Poll shows more GOP voters believe world would be a better place without the US president than without Russia’s leader
President Joe Biden is shown at a White House press event on February 24, the day that Russia launched its military offensive in Ukraine. © Getty Images / Drew Angerer
Americans of all political stripes largely agree that the world would be a better place without Vladimir Putin in office as Russia’s president, but Republicans are even more sour on the US leader.
A Morning Consult poll released on Monday revealed that 83% of Americans believe the world would be a better place without Putin in office. Among GOP voters, 84% of respondents said the same of President Joe Biden.
It’s not that Republicans are bigger fans of Putin than are Americans at large. In fact, 83% of Republicans agreed that the world would be better off without Putin running the Kremlin, matching the overall survey result. Independents were slightly less condemning of Putin, with 79% saying the world would be a better place without him in office.

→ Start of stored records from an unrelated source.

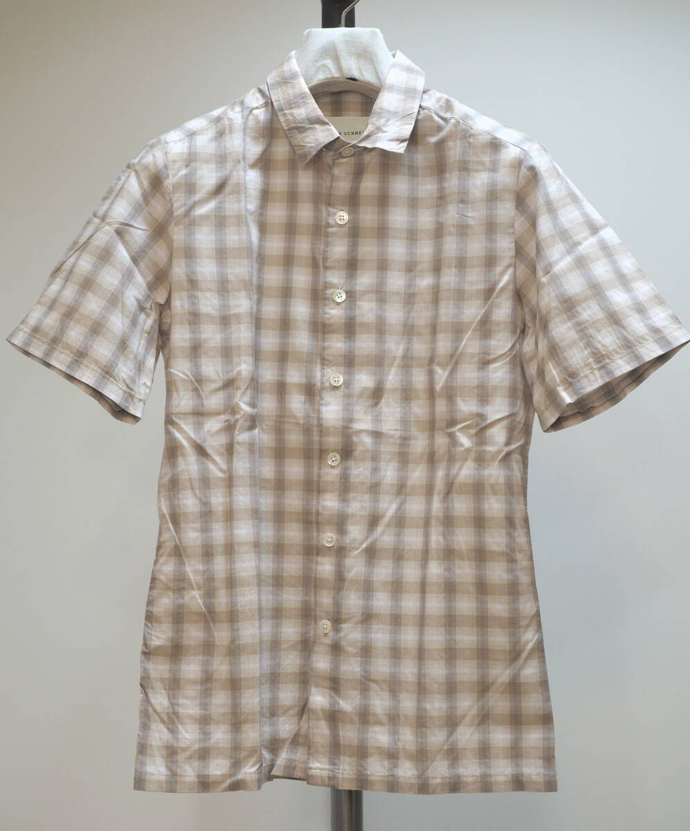 - ステファンシュナイダー 13SS半袖チェックシャツ3茶×白 Belgium製 STEPHAN SCHNEIDER
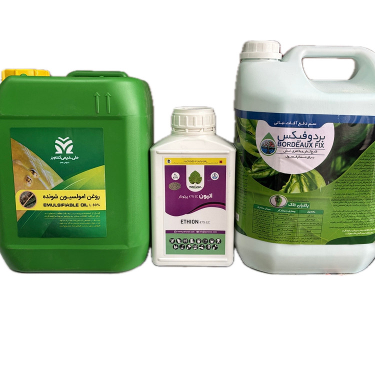 پک سمپاشی زمستانه درختان میوه مناسب برای ۵۰۰ لیتر آب میباشد. این پک شامل یک لیتر حشره کش اتیون 1 لیتری ایرانی ، ١ عدد روغن سمپاشی ٥ ليتري و ۱ عدد بردوفیکس 5 لیتری است
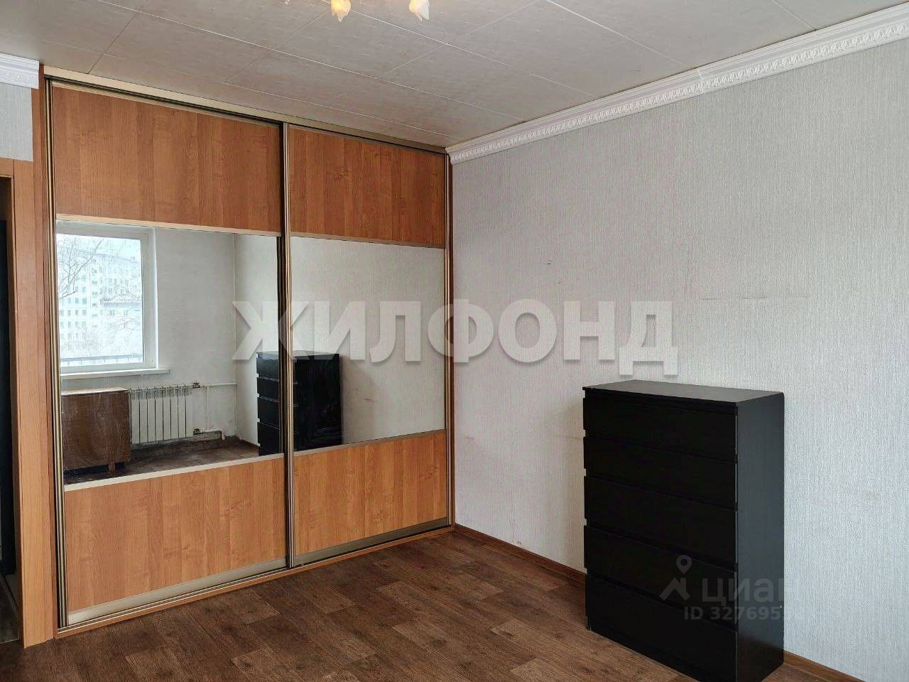 В квартире остается большой зеркальный шкаф-гардеробная, кухонный гарнитур, холодильник, электропечь и стиральная машина.
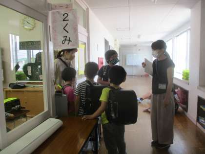 5月25日(火) 1年生 引き渡し訓練 公開日 2021/05/25 更新日 2021/05/25 2023年度 1年生 1年生教室での引き渡し訓練の様子です。 担任が保護者の役をして、実際にどのように帰るのか確認しました。
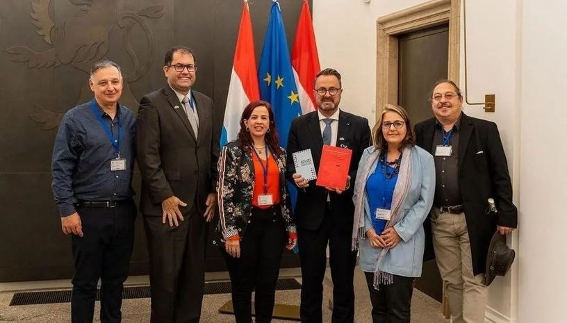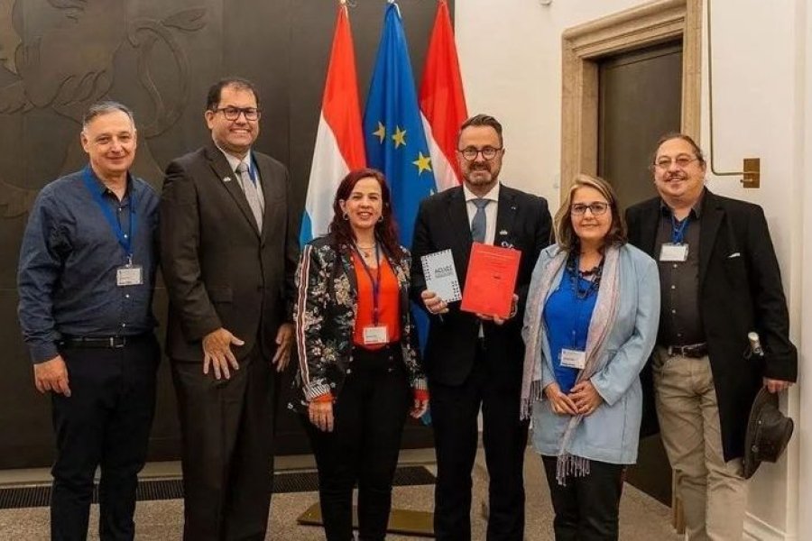Héctor Fischbach como presidente y Natacha Sturm como secretaria agradecieron la gestión realizada por el comisionado en Luxemburgo Tom Diederich y la presencia de los dirigentes brasileños, acompañando a Verónica Fischbach y Adrián de Lisa, miembros delegados de la AAL.
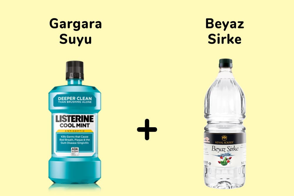 1 bardak gargara suyu, 1 bardak beyaz sirke, 2 bardak su. Bu malzemeleri bir yerde karıştırın ayaklarınızı bu karışıma batırın 15 dakika boyunca bekleyin. Ayaklarınızı çıkarın ve ölü deriyi temizlemek için süngertaşı ile topuklarınızı ovun.
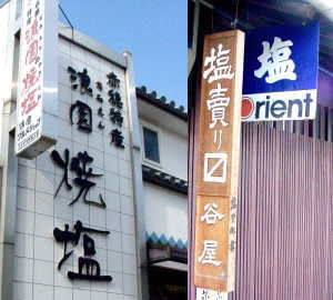 赤穂は忠臣蔵の町であるとともに塩 の町、昔から塩田で栄えてきました。 何しろ船一艘分の塩が赤穂で4千両、 江戸に持っていけば1万両なんです。 浅野家が金持ちだった、赤穂に大規 模な水道システムが発達したのもそ んな背景があった、というわけです。 というわけで、町のあちこちで塩屋さ んの看板を見かけます。お土産にも 塩は重要です。何しろ、塩を固めて 作ったぐい飲みまであるのです。 (のみはじめは少し薬品的な匂い がしたり、あまり満足感がありません) |
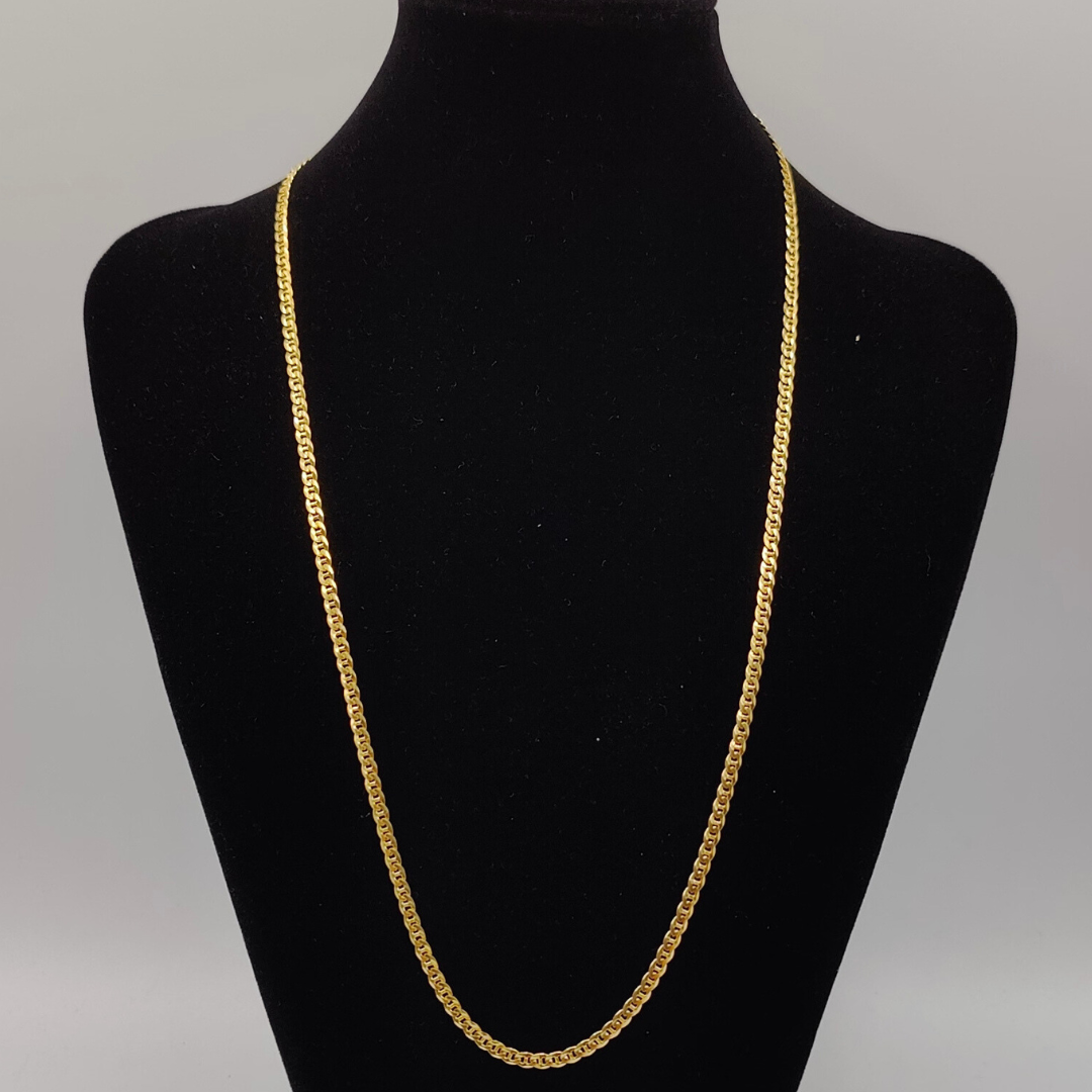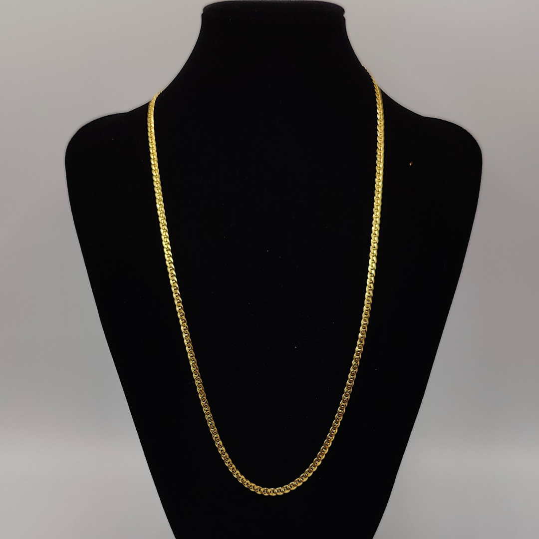 Eleva tu estilo con esta elegante cadena barbada doble, diseñada para quienes aprecian la calidad y el diseño clásico. Con una longitud de 60 cm y un ancho de 3 mm
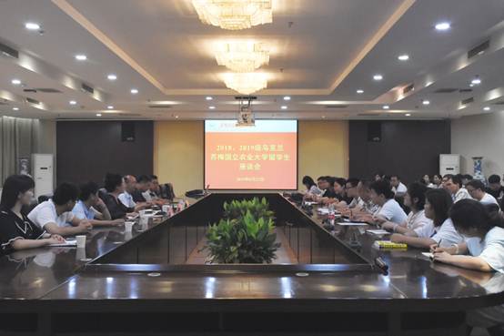 8月23日下午,2018、2019级乌克兰苏梅国立农业大学联合培养研究生座谈会在行政楼206会议室举行,校研究生处处长赵明富、人事处处长宋飞琼、国际交流与合作办公室主任胡建和及相关负责人出席,座谈会由研究生处处长赵明富主持。
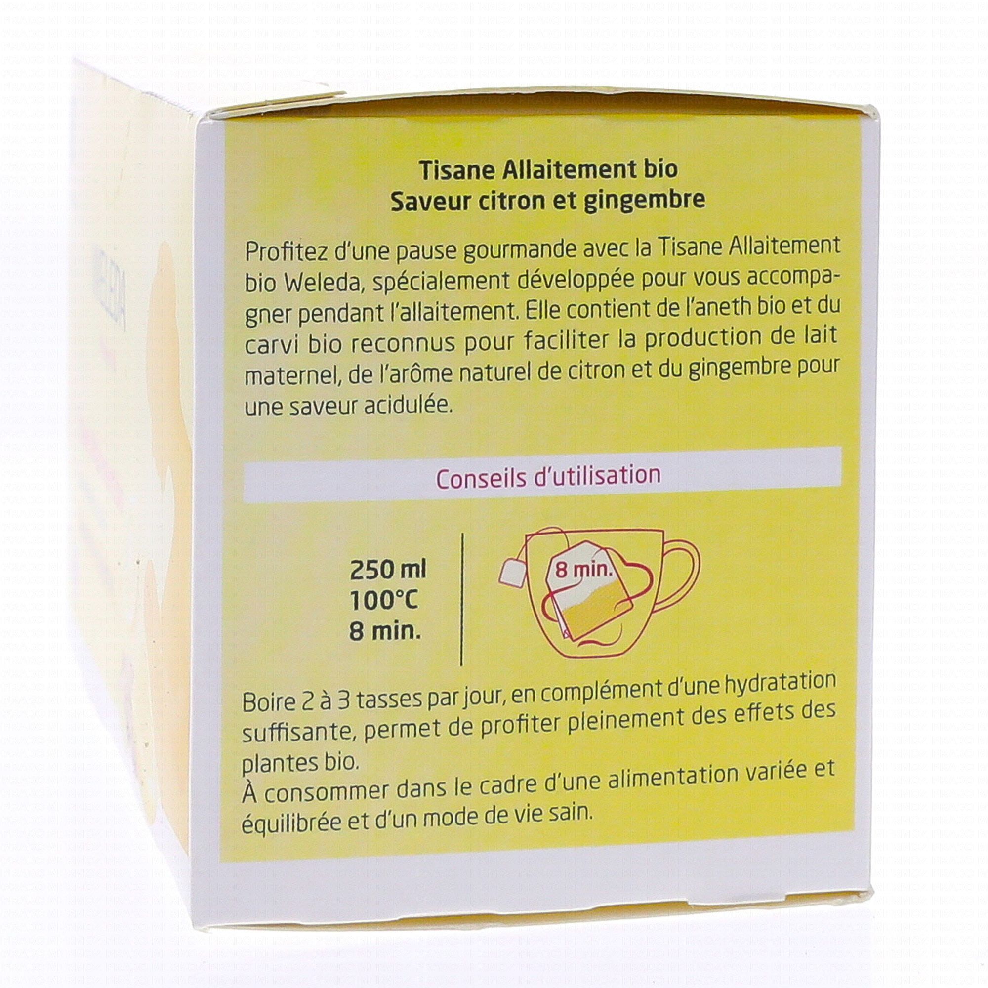 WELEDA Tisane Allaitement Bio Saveur Citron et Gingembre x20 Sachets contient les éléments suivants :

Where the poll responses diverged was on Biden. While nearly seven in eight Republicans see his presence in office as harmful to the world, only 17% of Democrats agreed. Perhaps most concerning for Democrats heading into this year’s midterm elections is that more than half of independents (51%) said they believe the world would be better off without Biden in the White House. By comparison, only 34% of independents said the world would be a worse place without Biden in office.
Putin was the leading villain in the US poll, exceeding Kim Jong-un’s ratio of 78% of respondents saying the world would be better without him. China’s Xi Jinping was next in line, at 59%, followed by Biden, at 51%. Iran’s Ebrahim Raisi and Saudi Arabia’s Mohammed bin Salman came in at 39% and 37%, respectively. Just 12% of respondents said the world would be a better place without Ukrainian President Volodymyr Zelensky in office.
Biden distinguished himself as the most disappointing US president in 75 years after taking office in January 2021. A Gallup poll released last October showed that he had suffered the biggest decline in presidential approval ratings since Harry Truman was trying to fill the shoes of the late Franklin Roosevelt in 1945. Biden’s approval ratings have continued to slide this year, dropping to 38% in a CNBC poll released last week. That compared with a 46% rating in December, just before the Ukraine crisis began to dominate US media coverage.